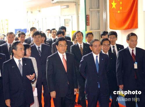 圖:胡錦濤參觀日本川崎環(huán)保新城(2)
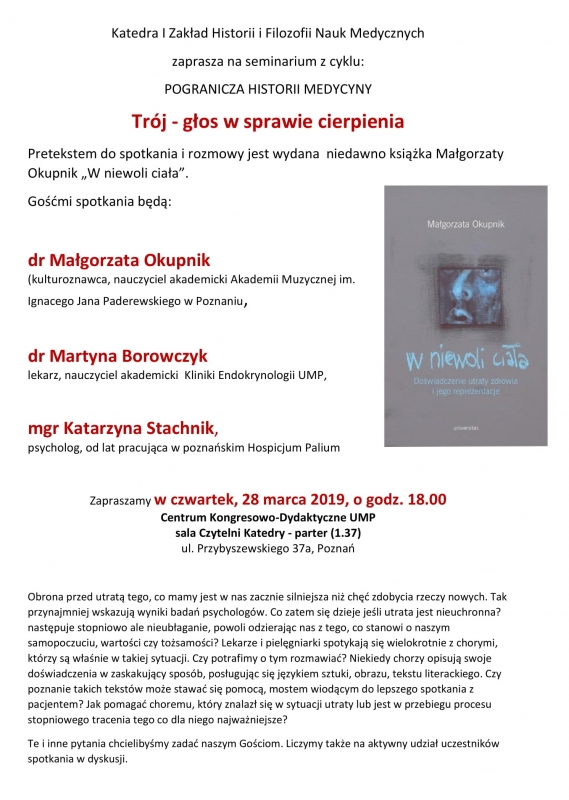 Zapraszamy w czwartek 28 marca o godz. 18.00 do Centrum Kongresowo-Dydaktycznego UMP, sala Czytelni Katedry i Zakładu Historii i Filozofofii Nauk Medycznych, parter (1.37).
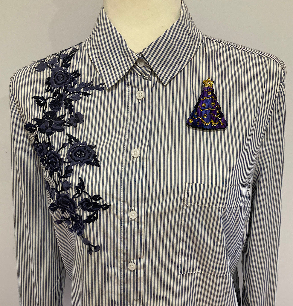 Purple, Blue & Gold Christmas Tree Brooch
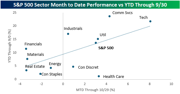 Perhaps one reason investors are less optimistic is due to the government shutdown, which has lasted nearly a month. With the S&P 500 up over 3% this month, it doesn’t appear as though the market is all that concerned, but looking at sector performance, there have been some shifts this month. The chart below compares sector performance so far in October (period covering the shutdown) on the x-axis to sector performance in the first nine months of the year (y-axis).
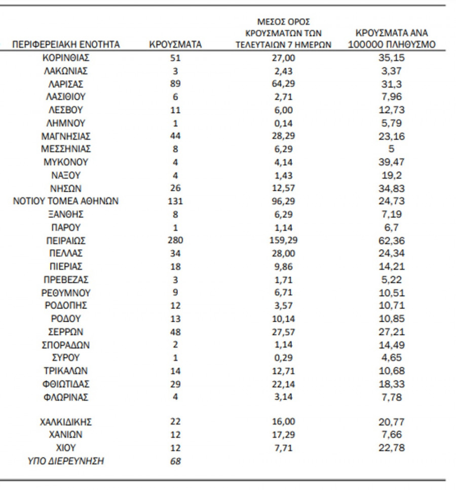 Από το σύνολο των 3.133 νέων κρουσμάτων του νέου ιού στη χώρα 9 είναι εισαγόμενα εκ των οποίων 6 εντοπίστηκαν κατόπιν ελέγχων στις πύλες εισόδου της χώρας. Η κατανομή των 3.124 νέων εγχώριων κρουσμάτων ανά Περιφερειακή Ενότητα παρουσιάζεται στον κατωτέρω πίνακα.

++++++++++

* _EXERCISE OBJECTIVE_
All lines from the one containing "Purple, Blue & Gold Christmas Tree Brooch" to the last line of the records above, and no others, should be returned unchanged, without pictures.

* _RESPONSE BOX_
 Purple, Blue & Gold Christmas Tree Brooch
 Perhaps one reason investors are less optimistic is due to the government shutdown, which has lasted nearly a month. With the S&P 500 up over 3% this month, it doesn’t appear as though the market is all that concerned, but looking at sector performance, there have been some shifts this month. The chart below compares sector performance so far in October (period covering the shutdown) on the x-axis to sector performance in the first nine months of the year (y-axis).
 Από το σύνολο των 3.133 νέων κρουσμάτων του νέου ιού στη χώρα 9 είναι εισαγόμενα εκ των οποίων 6 εντοπίστηκαν κατόπιν ελέγχων στις πύλες εισόδου της χώρας. Η κατανομή των 3.124 νέων εγχώριων κρουσμάτων ανά Περιφερειακή Ενότητα παρουσιάζεται στον κατωτέρω πίνακα.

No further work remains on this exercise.